Democracias que se prezem adotam política oposta com relação às drogas
Thiago Amparo, Advogado, é professor de direito internacional e direitos humanos na FGV Direito SP. Doutor pela Central European University (Budapeste), escreve sobre direitos e discriminação.
Folha de São Paulo, 14/03/2024
Se a intenção da CCJ (Comissão de Constituição e Justiça) do Senado era atestar, na letra da Constituição, o quão atrasado em matéria de política de drogas é o país, conseguiu. Nesta quarta (13), a comissão aprovou uma PEC que cristaliza o oposto do que todas as democracias que se prezem estão fazendo mundo afora: incute ma Carta o crime de possuir ou carregar qualquer tipo de droga, mesmo que seja para consumo próprio.

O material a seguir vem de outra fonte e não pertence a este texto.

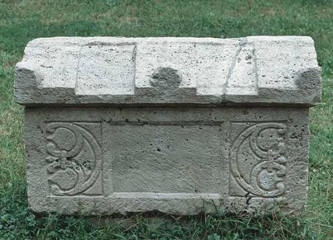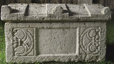 - Auf der Frontseite eingetieftes leeres Schriftfeld zwischen Rechteckfeldern mit Pelten.
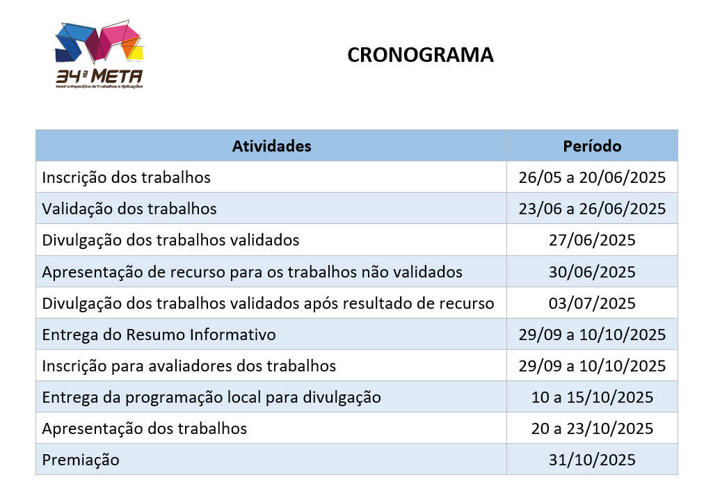 | Prorrogado o período de inscrições de trabalhos da 34ª META 2025
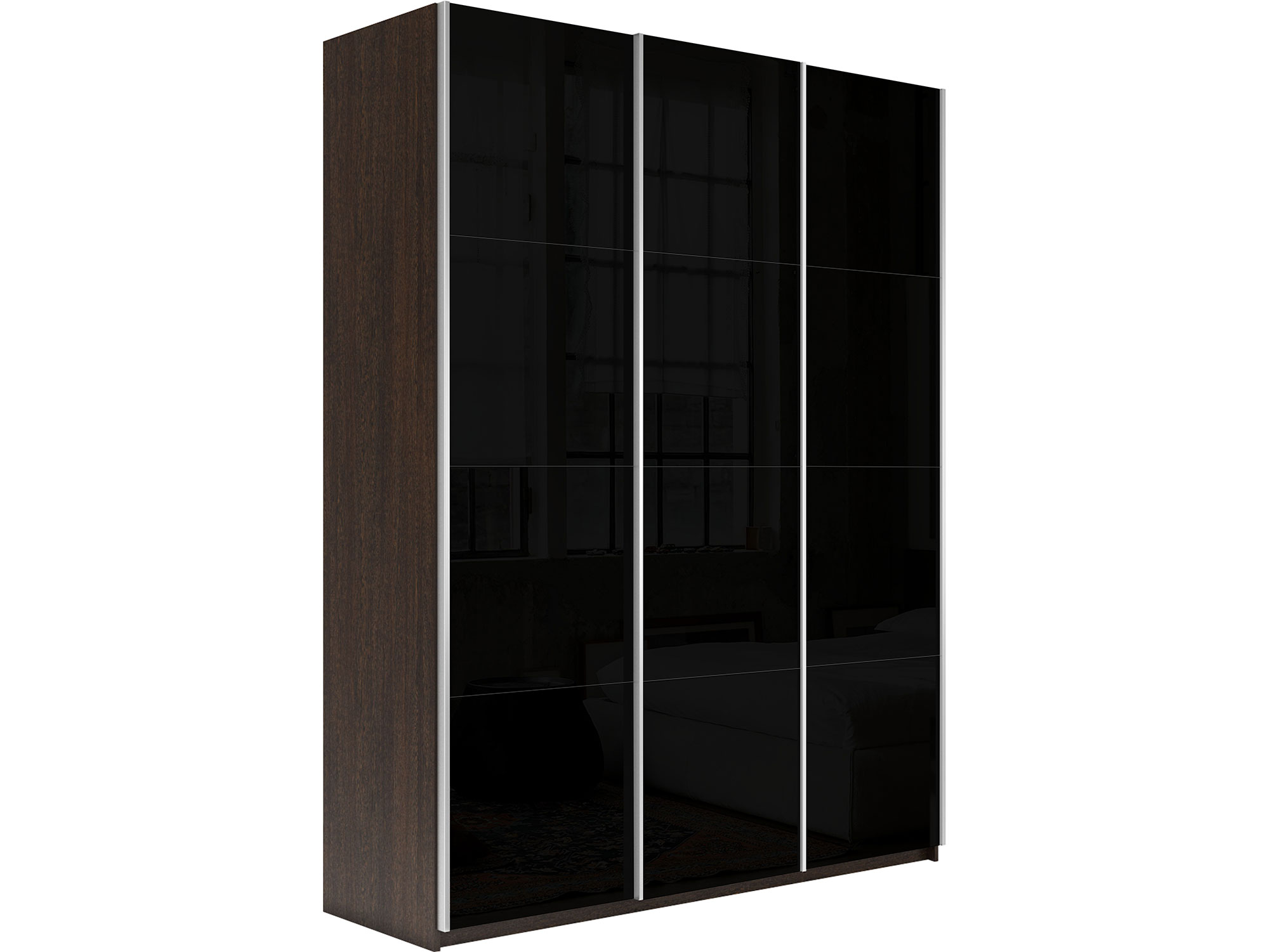 - Шкаф-купе Прайм 3-х дверный 2100 три стекла черные Венге
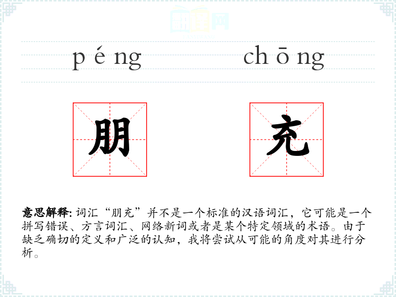 由于“朋充”不是一个标准词汇,我们无法给出确切的基本定义。如果将其拆分为“朋”和“充”两个字,我们可以分别解释:
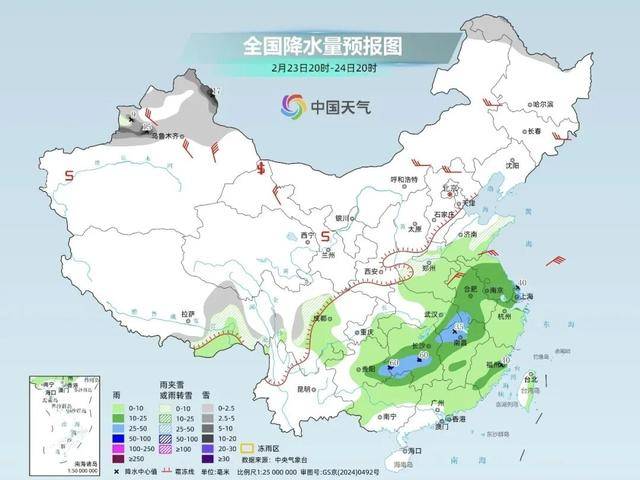 随着冷空气进一步南下,南方降雨自西向东发展增多,重庆、贵州、湖南、湖北、江西、安徽、江苏等地将有中到大雨、局地暴雨,重庆、贵州、湖南、广西等地降雨还可能会伴随着对流天气。

Ao usar o cartucho de uma PEC para piorar a já ruim lei de drogas —principal responsável pelo inchaço de 257% das prisões brasileiras nas duas últimas décadas—, o Senado usa uma arma nuclear para explodir um ladrão de galinha. Para justificar a emenda que piora o soneto, o relator da proposta, Efraim Filho (União Brasil-PB), inventou um oximoro: “Tráfico em pequenas quantidades”. A realidade, senador, é outra: a maioria dos presos por tráfico nem sequer tem relação com facções, conforme estudo do Ipea de 2023.
Na ausência de um critério objetivo que ajude a diferenciar traficante de usuário —principal gargalo da lei de drogas ora sob análise do STF —, ser negro e pobre parecem ser fatores determinantes para enquadrar o réu como traficante, mesmo quando não o é. O que o Senado faz é agravar essa situação ao criar uma punição genérica que torne ainda mais nebulosa a diferença entre traficante e usuário; e sabemos que, mesmo com categorias turvas, o Judiciário não falha em ver negros como o primeiro e não o segundo.
A CCJ do Senado Federal, ainda, exagera os efeitos da decisão do STF. Mesmo que decida uma quantidade objetiva de maconha para consumo pessoal, o parecer da corte deve ter pouco ou nenhum efeito sobre um sistema judicial que privilegia a palavra do policial e sobre um sistema policial que se alimenta da impunidade referendada pelo Judiciário para praticar abordagens e operações violentas. A deliberação do Supremo em nada muda isso, e é justamente com essas mazelas, e não com populismo penal retrógrado, que o Senado deveria se preocupar.